* _Goal of the exercise_: Only certain lines below are wanted: those starting at the line containing "This listing features" and ending at the line containing "Safavieh Solea Bliss", both included, each retyped exactly.

* _Data provided_:
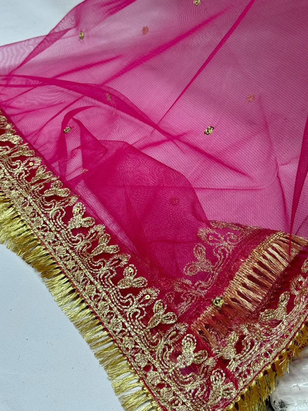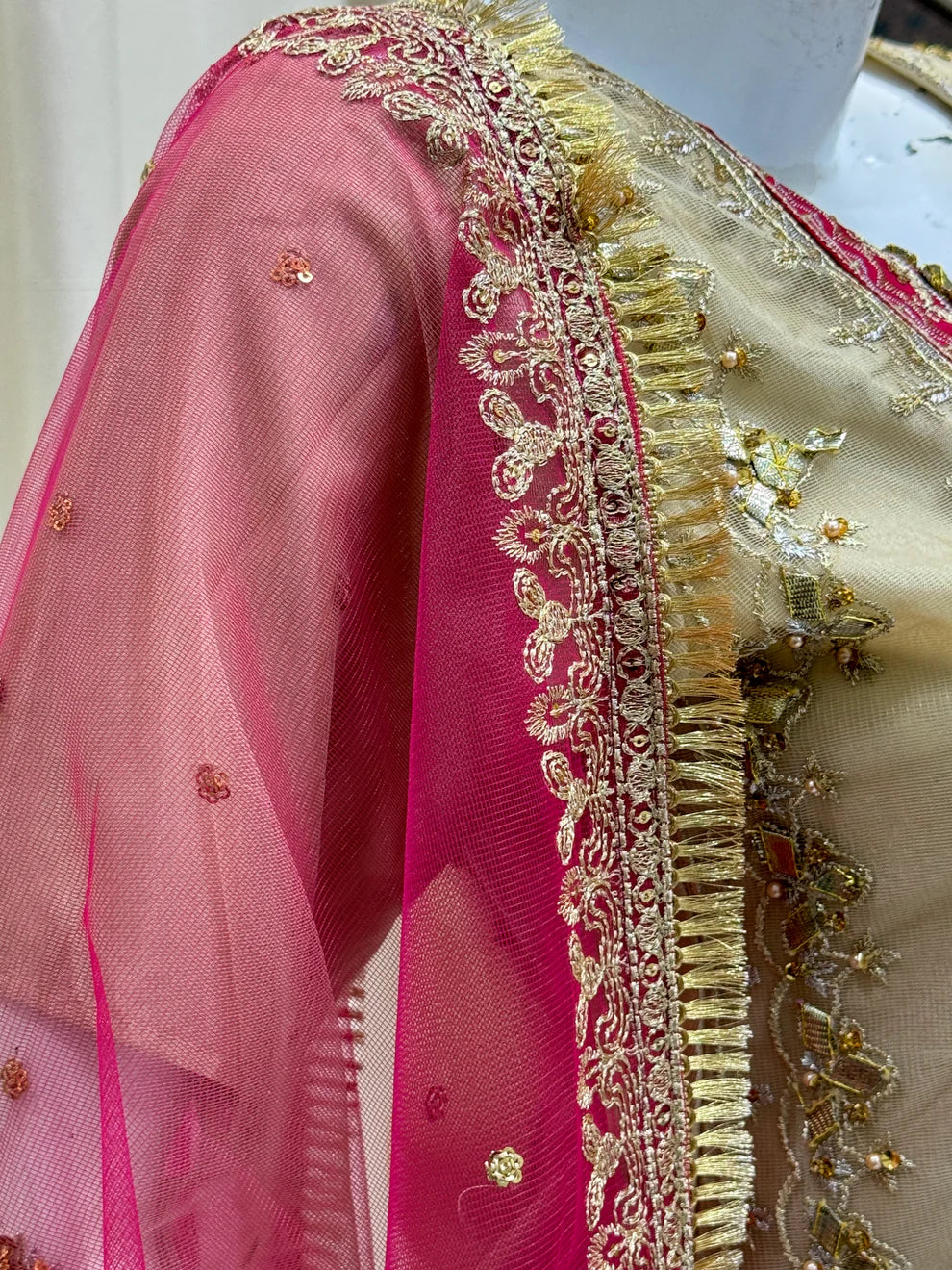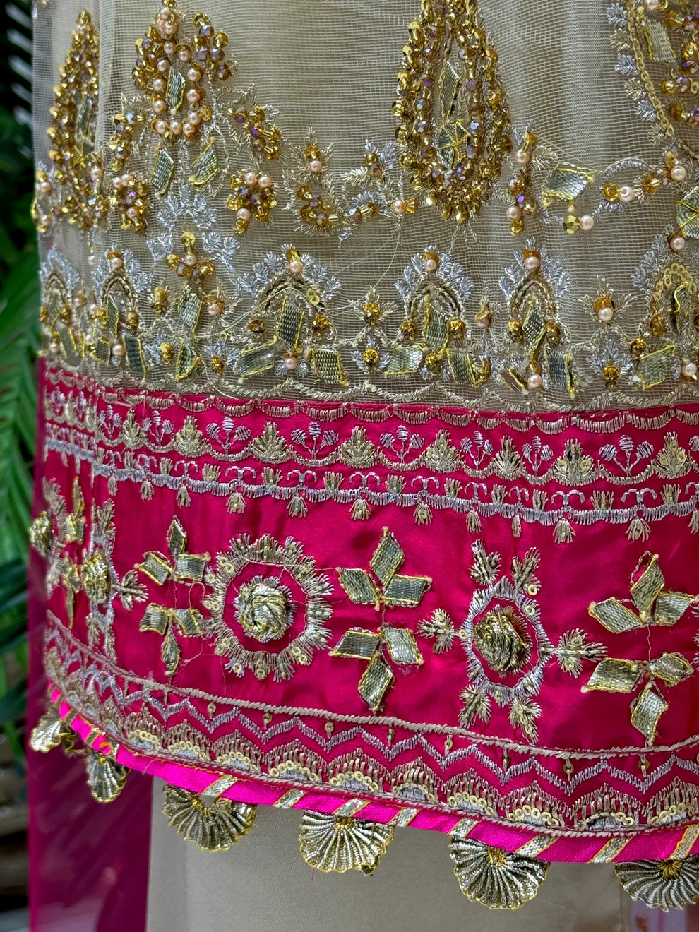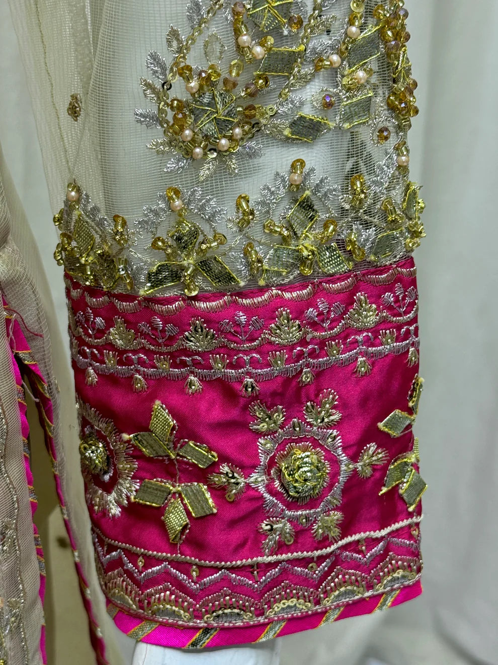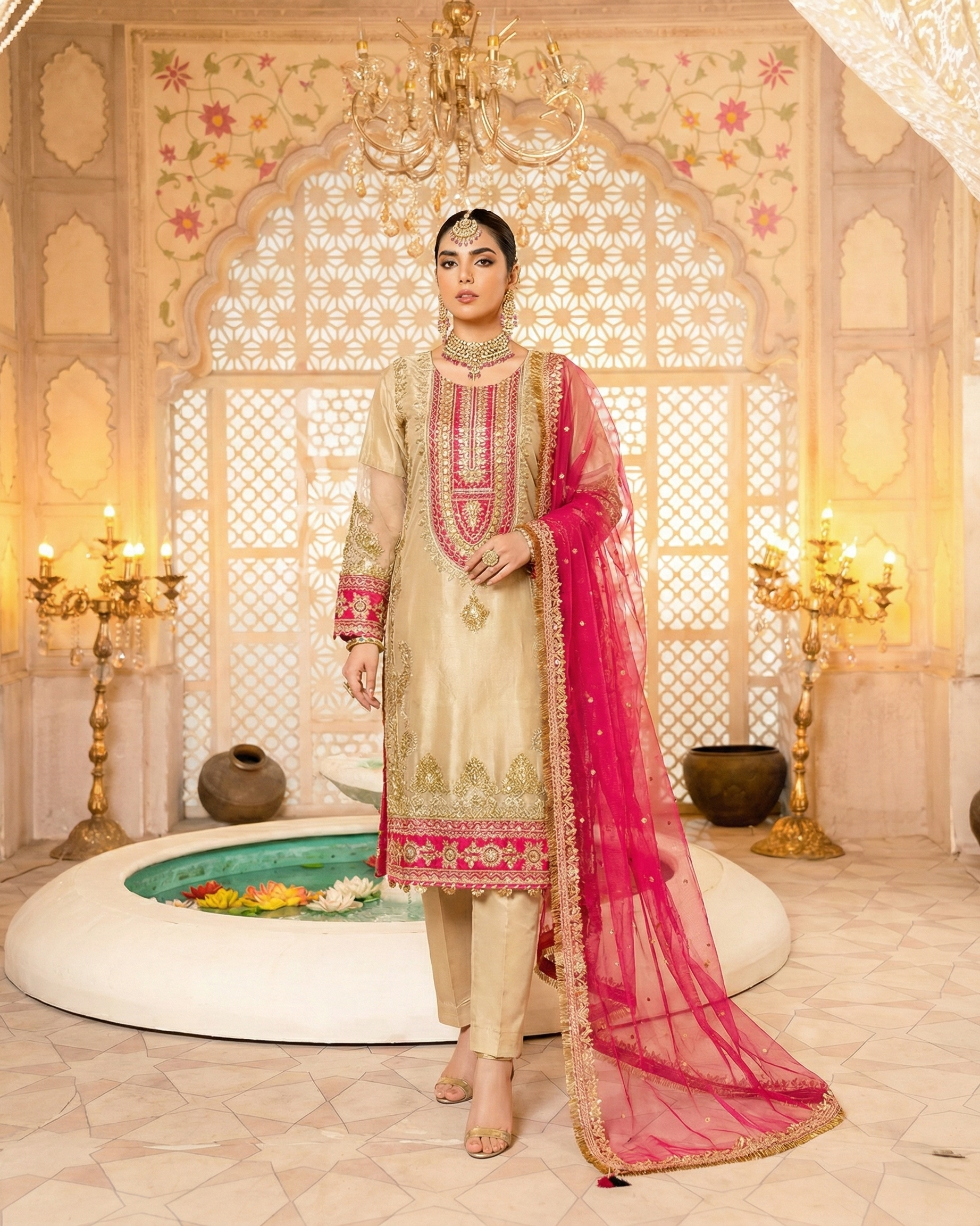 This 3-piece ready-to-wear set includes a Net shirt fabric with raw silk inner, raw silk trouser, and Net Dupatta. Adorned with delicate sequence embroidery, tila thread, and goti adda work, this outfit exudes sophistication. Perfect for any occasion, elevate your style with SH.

==

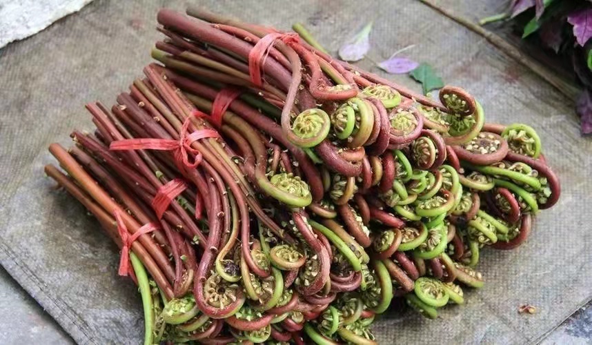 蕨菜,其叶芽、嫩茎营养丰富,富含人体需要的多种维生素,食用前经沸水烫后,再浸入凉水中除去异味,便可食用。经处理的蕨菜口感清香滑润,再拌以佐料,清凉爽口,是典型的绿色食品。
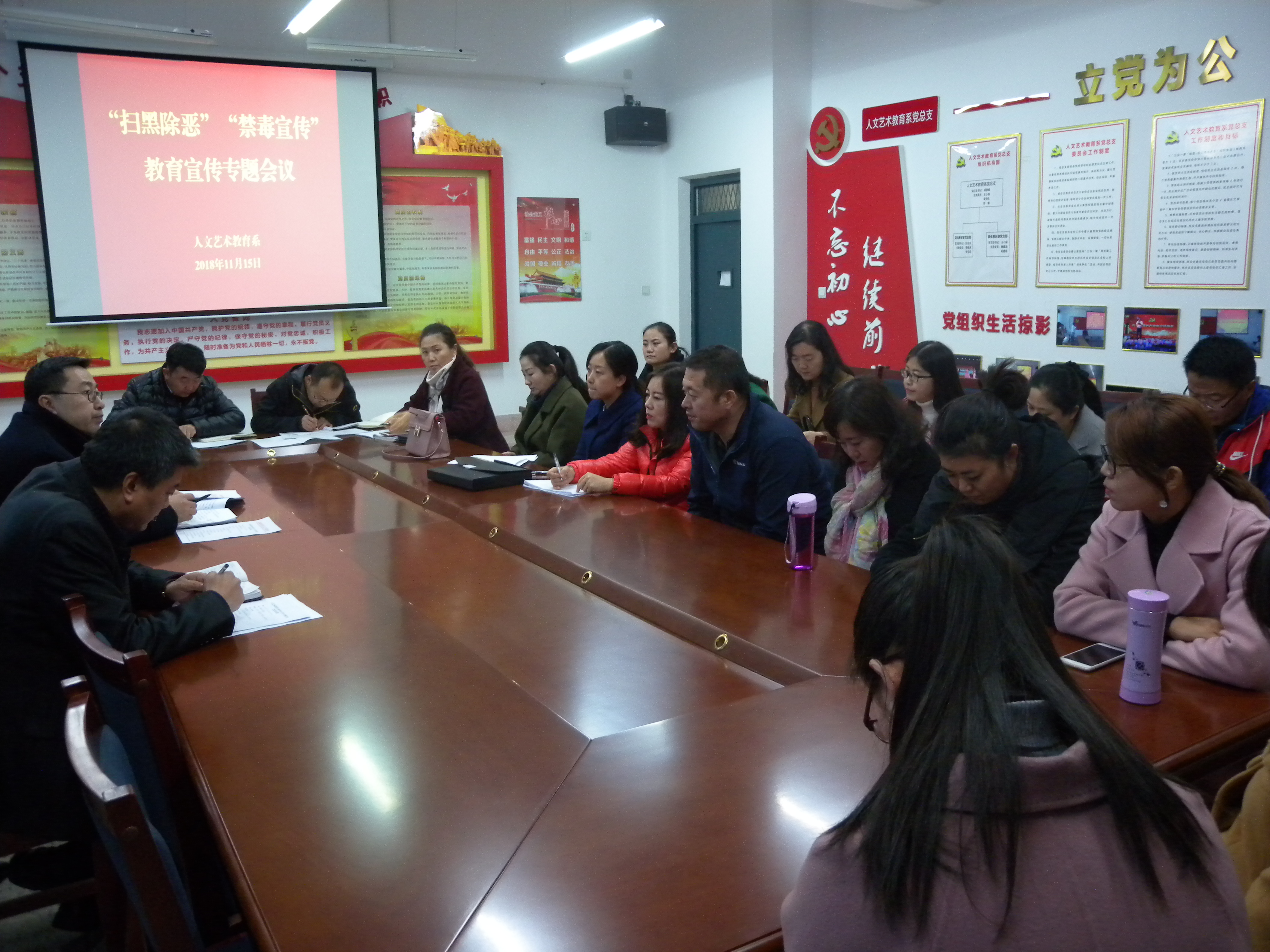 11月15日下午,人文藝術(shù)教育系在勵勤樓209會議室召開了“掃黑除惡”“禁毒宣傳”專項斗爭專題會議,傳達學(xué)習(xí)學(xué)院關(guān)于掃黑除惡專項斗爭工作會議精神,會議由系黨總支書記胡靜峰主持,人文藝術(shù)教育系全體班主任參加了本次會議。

==

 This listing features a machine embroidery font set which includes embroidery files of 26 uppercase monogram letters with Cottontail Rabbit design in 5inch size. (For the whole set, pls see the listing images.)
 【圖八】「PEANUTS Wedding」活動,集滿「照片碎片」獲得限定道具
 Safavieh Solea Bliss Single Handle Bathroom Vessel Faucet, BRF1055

* _Written reply_:
 This listing features a machine embroidery font set which includes embroidery files of 26 uppercase monogram letters with Cottontail Rabbit design in 5inch size. (For the whole set, pls see the listing images.)
 【圖八】「PEANUTS Wedding」活動,集滿「照片碎片」獲得限定道具
 Safavieh Solea Bliss Single Handle Bathroom Vessel Faucet, BRF1055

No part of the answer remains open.